**Source data:**
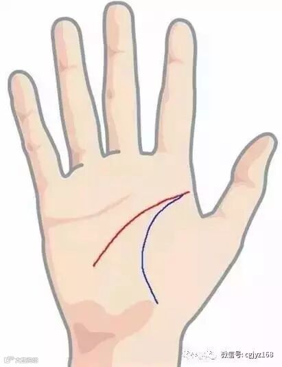 智慧线至又称脑纹是掌相中最重要的一纹,中国手相中此纹代表自己,又称人纹。起点与生命线同,向小指方向走,至无名指与小指指缝间停最好,太短不够聪明,太长则精明过度,亦不好。脑纹以深细为佳,表示思想能够集中,头脑聪明。
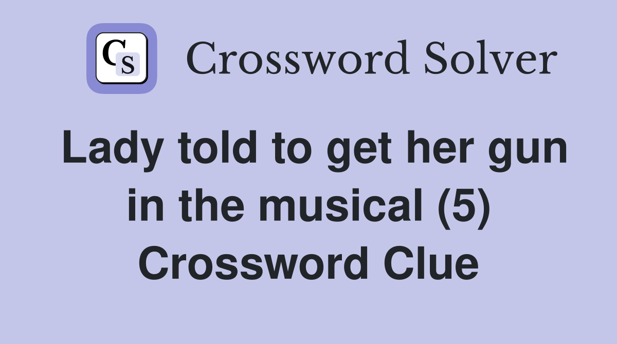 Lady told to get her gun in the musical (5) Crossword Clue Answers
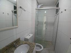 O banheiro está mobiliado, proporcionando mais conforto e funcionalidade.
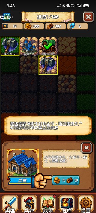 11:在地探索界面,选择“铁匠铺Lv1”建筑,消耗70金币解锁,解锁后可研发初级科技,助力资源产出与兵种战力提升,推动游戏进度。
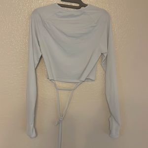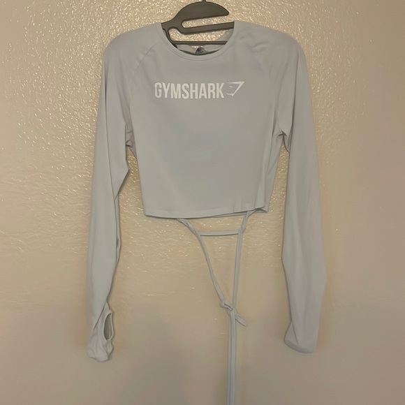 Baby blue Gymshark crop top. Like new condition. Super cute string ties that make for a ballet studio style outfit. Also has thumb holes. Make me an offer :)!
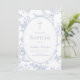 Celebrate a special moment of faith with this elegant blue floral baptism invitation. Featuring a floral pattern, oval frame, and a cross at the top, this design offers a timeless and classic look perfect for a meaningful baptism ceremony. Whether you're planning a traditional church service or an intimate gathering, this invitation adds a graceful touch to your event.
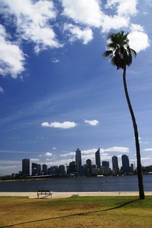 Unser 1. Stop ist auf der anderen Seite des Swan Rivers. Dort kann man wundervoll am Strand die komplette Skyline fotografieren.
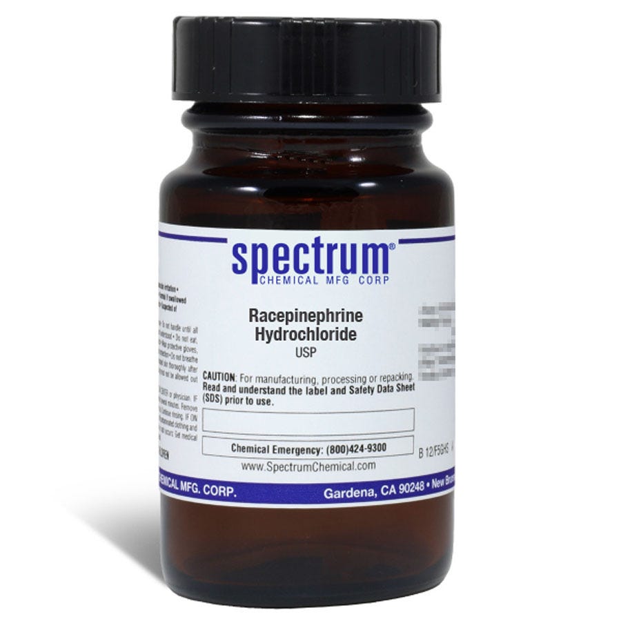Size quantity: 1-EA Description: Racepinephrine Hydrochloride, USP. Spectrum Chemical graded products (USP/NF, EP, BP, JP, FCC) are handled, packaged, labeled, stored, and tested in FDA registered and inspected facilities. All operations are conducted in compliance with current Good Manufacturing Practices (cGMP) as defined in 21 CFR Parts 210 and 211. Furthermore, the original manufacturers of these materials adhere to appropriate GMP standards, such as ICH Q7 Good Manufacturing Practice Guide for Active Pharmaceutical Ingredients or FDA 21 CFR Parts 210 and 211, ensuring the highest quality and regulatory compliance throughout the supply chain.
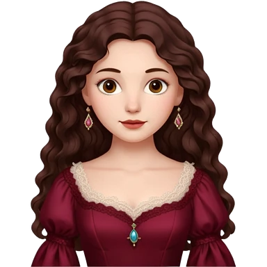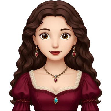 Renaissance lady – long dark brown wavy hair, burgundy gown with lace neckline emoji
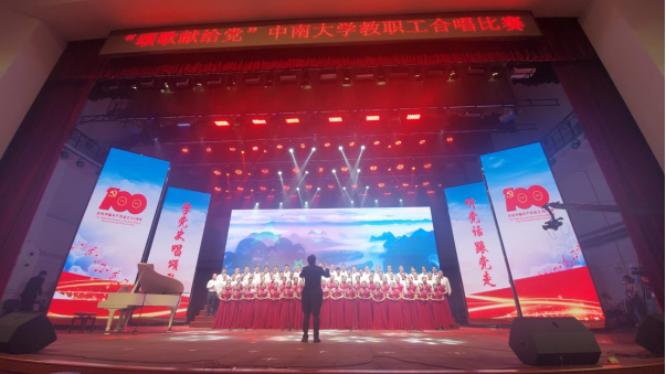 在20号下午的比赛中,学院教职工精神昂扬,盛装登场。“万里山河灯火漫卷,是坚守初心换回的百年承诺;焰火升腾星光闪烁,是民族复兴创造的时代巍峨。炽金梦想,薪火相传,牢记使命,砥砺前行。奋进新时代,威廉希尔中文官网凝心聚力,建设一流学科;启航新征程,威廉希尔中文官网攻坚克难,再创新的辉煌!”学院经理柴立元院士、党委成琼文书记在合唱前慷慨激昂地朗诵拉开了合唱的序幕。伴随着《灯火里的中国》优美的旋律,学院教职工以温暖大气,细腻优雅的歌声,展现了改革开放40周年后中国人民的美好生活、奋发图强和生生不息,热情讴歌建党100周年的发展历程和辉煌成就,唱响爱国、爱党、爱人民的时代主旋律,抒发永远跟党走、奋进新征程的坚定决心,“灯火里的中国青春婀娜,灯火里的中国胸怀辽阔”,舞台上老师们的歌声触动了无数观众的心弦,赢得了现场观众的热烈掌声和评委的一致好评,最终以97.43分的成绩从众多队伍中脱颖而出,荣获二等奖。
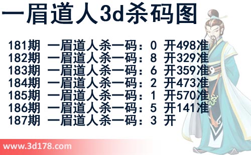 该一眉道人3d杀码图由3d之家3d图库频道原创,仅供彩民参考,温馨提供。
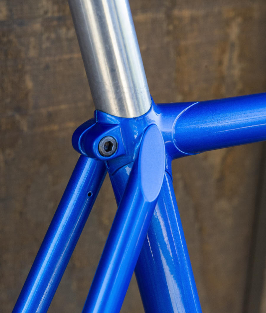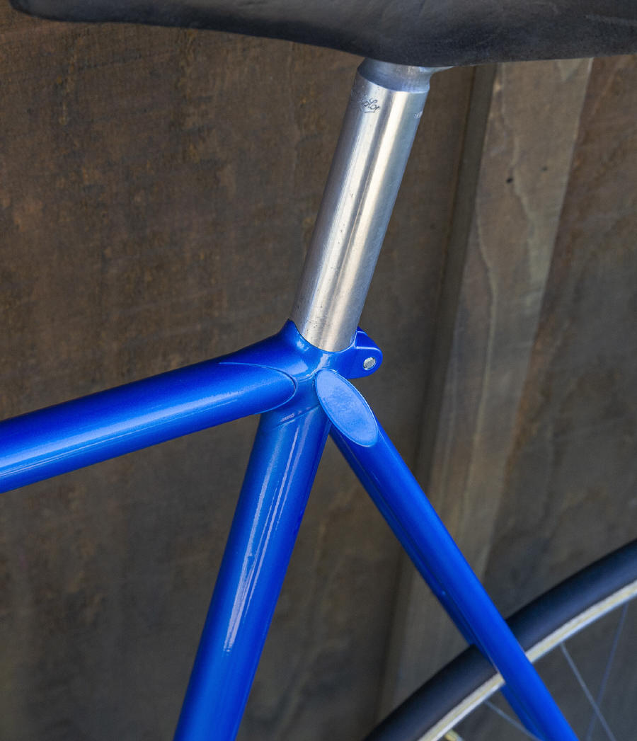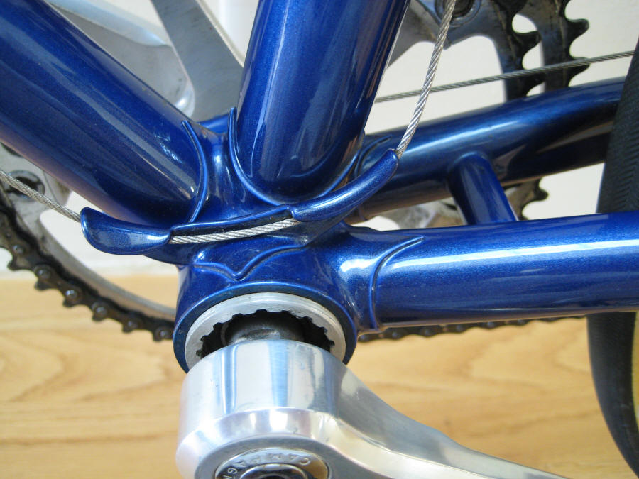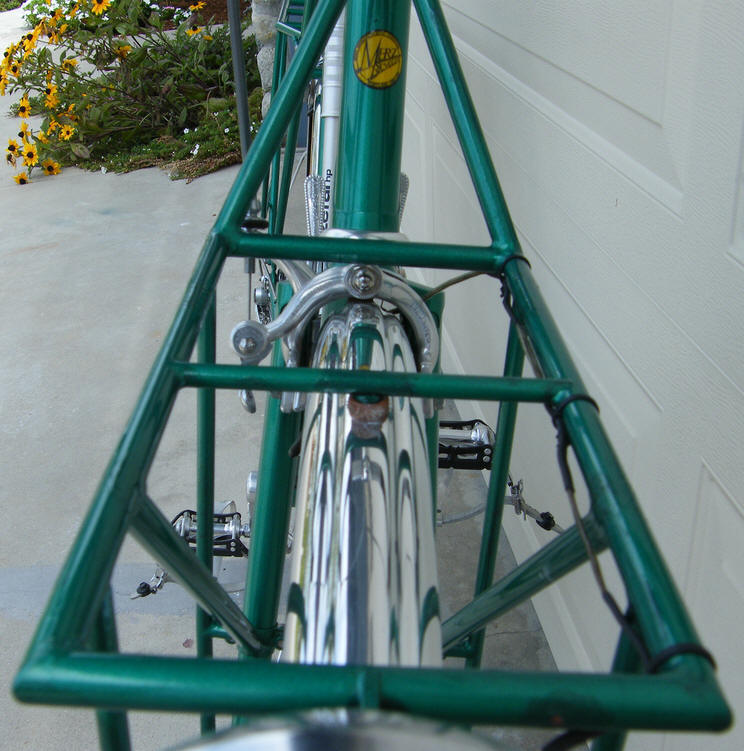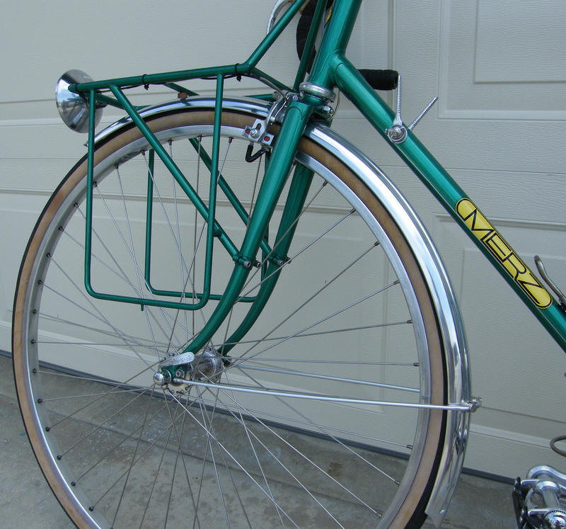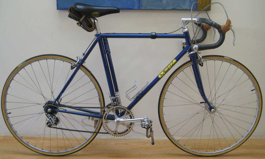 “Jim Merz built bike frames in Portland, OR from 1973 until late in 1982, then he shut down his shop and went to work for Specialized as a designer. Merz could build a track or ‘cross bike, and built superlative road racing bikes, but touring bikes were where he stood out. He made bikes with tubular steel racks–generally shorter and quicker steering than most other touring rigs of his time–and matching panniers also made in Portland.” “Jim started riding a Campagnolo equipped bike in 1964, just after high school. Jim worked as a machinist and taught himself frame building from his metalworking background. He opened his own shop at NW 21st and Everett. Over 400 frames were produced, using Columbus, Reynolds 531 and 753 tubing including two 753 frames (He was the first USA builder certified to use 753) for pro rider George Mount. Merz used BCM lugs and crowns, finished seat stays with flat tops a la Schwinn Paramount, and decorated the bikes with simple graphics and paint. His painter was Virginia Church.” “To this day, many Portland bikies consider Merz machines in high regard, even the best bikes ever made. Jim was a resident of Bainbridge Island, WA, working for the Browning company, until his recent return to Specialized as their “Master frame builder”.
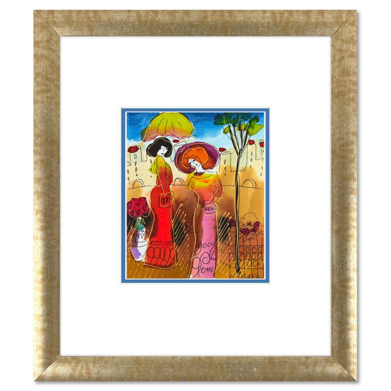 Moshe Leider, Framed Original Mixed Media Watercolor Painting, Hand Signed with Letter of Authenticity.
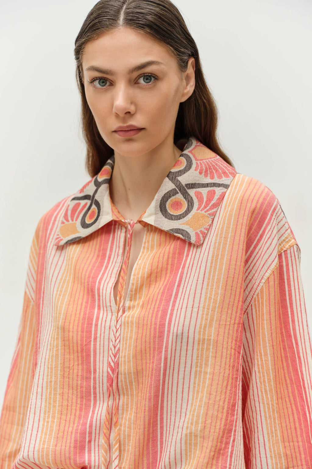 Celeste Hibiscus Geo Shirt in Sante Fe Red
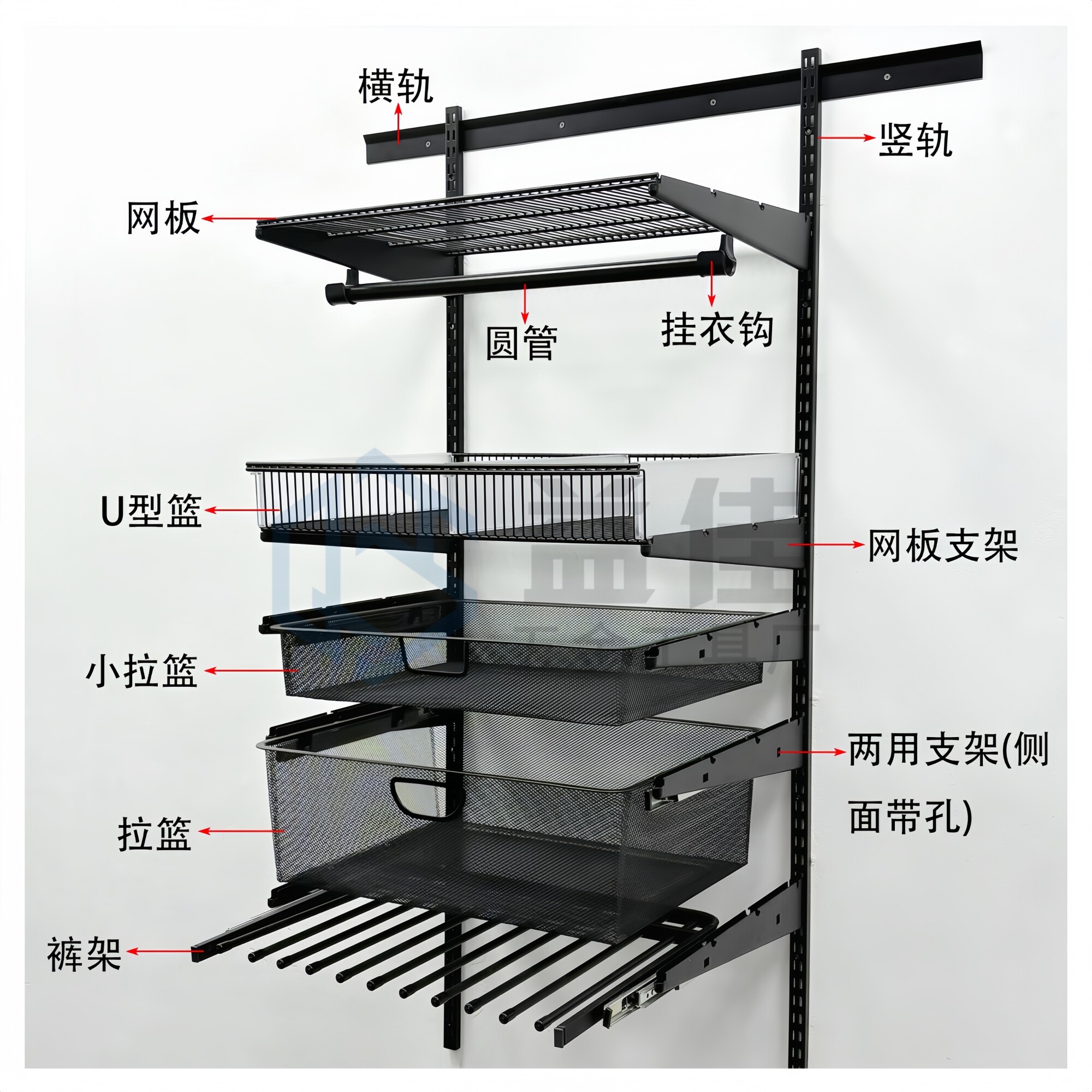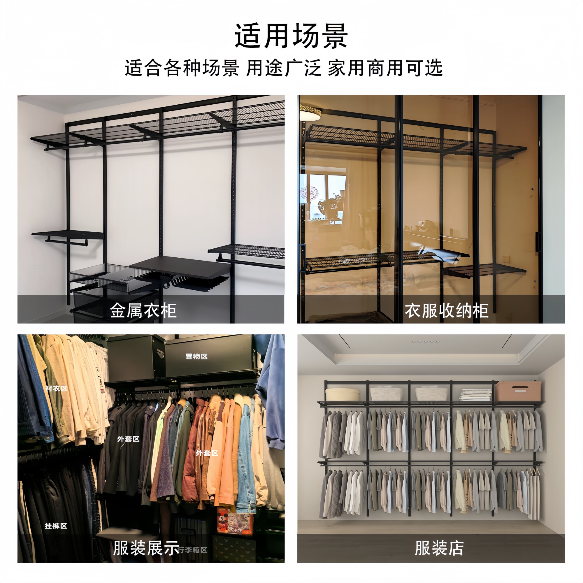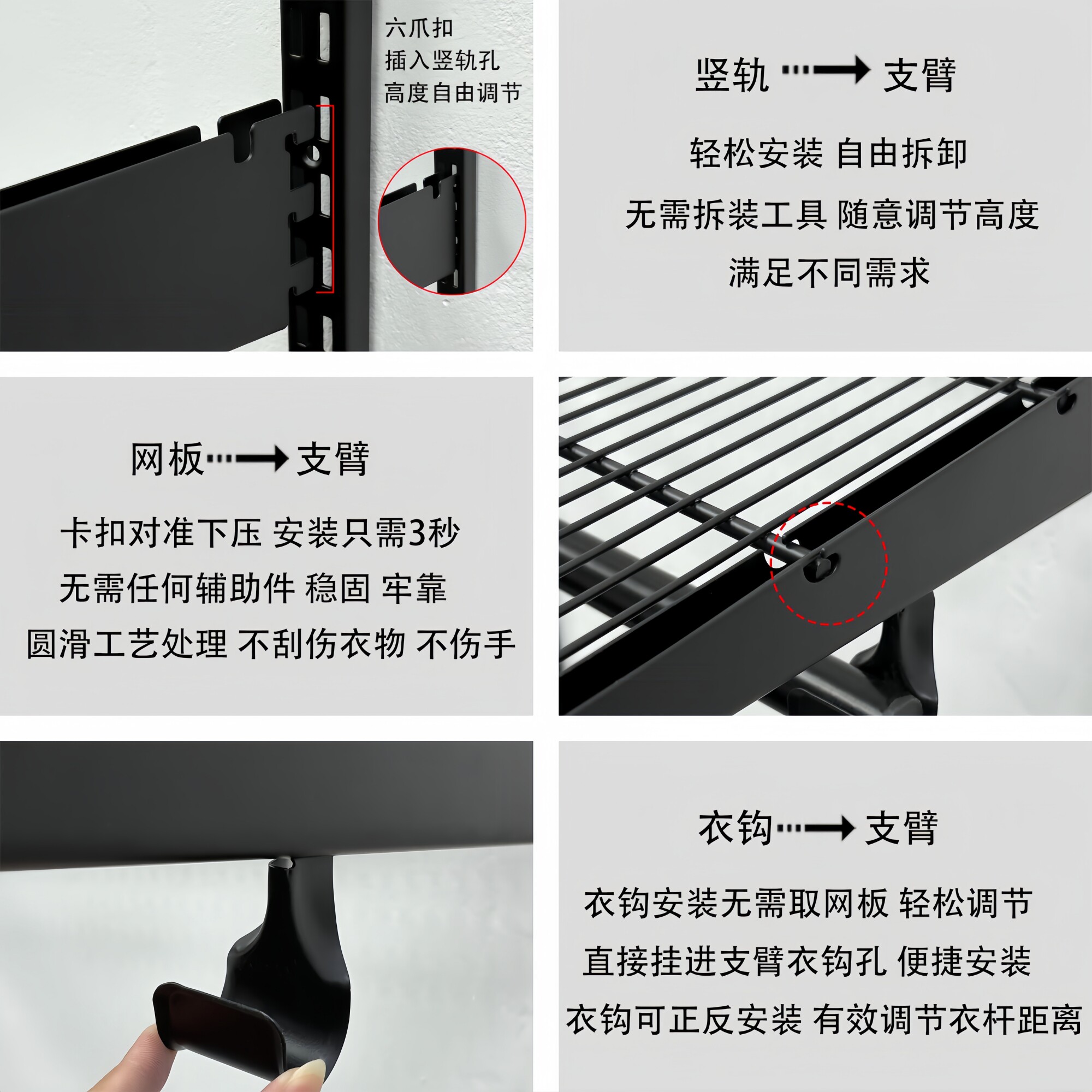 黑色开放式 衣架 金属衣柜AA柱砌墙衣橱挂杆收纳网格板网篮壁挂式

**WORK REQUIRED:**
If pictures appear among the records, do not carry them over; retype the rest exactly.

**WORKED SOLUTION:**
 智慧线至又称脑纹是掌相中最重要的一纹,中国手相中此纹代表自己,又称人纹。起点与生命线同,向小指方向走,至无名指与小指指缝间停最好,太短不够聪明,太长则精明过度,亦不好。脑纹以深细为佳,表示思想能够集中,头脑聪明。
 Lady told to get her gun in the musical (5) Crossword Clue Answers
 O banheiro está mobiliado, proporcionando mais conforto e funcionalidade.
 11:在地探索界面,选择“铁匠铺Lv1”建筑,消耗70金币解锁,解锁后可研发初级科技,助力资源产出与兵种战力提升,推动游戏进度。
 Baby blue Gymshark crop top. Like new condition. Super cute string ties that make for a ballet studio style outfit. Also has thumb holes. Make me an offer :)!
 Celebrate a special moment of faith with this elegant blue floral baptism invitation. Featuring a floral pattern, oval frame, and a cross at the top, this design offers a timeless and classic look perfect for a meaningful baptism ceremony. Whether you're planning a traditional church service or an intimate gathering, this invitation adds a graceful touch to your event.
 Unser 1. Stop ist auf der anderen Seite des Swan Rivers. Dort kann man wundervoll am Strand die komplette Skyline fotografieren.
Size quantity: 1-EA Description: Racepinephrine Hydrochloride, USP. Spectrum Chemical graded products (USP/NF, EP, BP, JP, FCC) are handled, packaged, labeled, stored, and tested in FDA registered and inspected facilities. All operations are conducted in compliance with current Good Manufacturing Practices (cGMP) as defined in 21 CFR Parts 210 and 211. Furthermore, the original manufacturers of these materials adhere to appropriate GMP standards, such as ICH Q7 Good Manufacturing Practice Guide for Active Pharmaceutical Ingredients or FDA 21 CFR Parts 210 and 211, ensuring the highest quality and regulatory compliance throughout the supply chain.
 Renaissance lady – long dark brown wavy hair, burgundy gown with lace neckline emoji
 在20号下午的比赛中,学院教职工精神昂扬,盛装登场。“万里山河灯火漫卷,是坚守初心换回的百年承诺;焰火升腾星光闪烁,是民族复兴创造的时代巍峨。炽金梦想,薪火相传,牢记使命,砥砺前行。奋进新时代,威廉希尔中文官网凝心聚力,建设一流学科;启航新征程,威廉希尔中文官网攻坚克难,再创新的辉煌!”学院经理柴立元院士、党委成琼文书记在合唱前慷慨激昂地朗诵拉开了合唱的序幕。伴随着《灯火里的中国》优美的旋律,学院教职工以温暖大气,细腻优雅的歌声,展现了改革开放40周年后中国人民的美好生活、奋发图强和生生不息,热情讴歌建党100周年的发展历程和辉煌成就,唱响爱国、爱党、爱人民的时代主旋律,抒发永远跟党走、奋进新征程的坚定决心,“灯火里的中国青春婀娜,灯火里的中国胸怀辽阔”,舞台上老师们的歌声触动了无数观众的心弦,赢得了现场观众的热烈掌声和评委的一致好评,最终以97.43分的成绩从众多队伍中脱颖而出,荣获二等奖。
 该一眉道人3d杀码图由3d之家3d图库频道原创,仅供彩民参考,温馨提供。
 “Jim Merz built bike frames in Portland, OR from 1973 until late in 1982, then he shut down his shop and went to work for Specialized as a designer. Merz could build a track or ‘cross bike, and built superlative road racing bikes, but touring bikes were where he stood out. He made bikes with tubular steel racks–generally shorter and quicker steering than most other touring rigs of his time–and matching panniers also made in Portland.” “Jim started riding a Campagnolo equipped bike in 1964, just after high school. Jim worked as a machinist and taught himself frame building from his metalworking background. He opened his own shop at NW 21st and Everett. Over 400 frames were produced, using Columbus, Reynolds 531 and 753 tubing including two 753 frames (He was the first USA builder certified to use 753) for pro rider George Mount. Merz used BCM lugs and crowns, finished seat stays with flat tops a la Schwinn Paramount, and decorated the bikes with simple graphics and paint. His painter was Virginia Church.” “To this day, many Portland bikies consider Merz machines in high regard, even the best bikes ever made. Jim was a resident of Bainbridge Island, WA, working for the Browning company, until his recent return to Specialized as their “Master frame builder”.
 Moshe Leider, Framed Original Mixed Media Watercolor Painting, Hand Signed with Letter of Authenticity.
 Celeste Hibiscus Geo Shirt in Sante Fe Red
 黑色开放式 衣架 金属衣柜AA柱砌墙衣橱挂杆收纳网格板网篮壁挂式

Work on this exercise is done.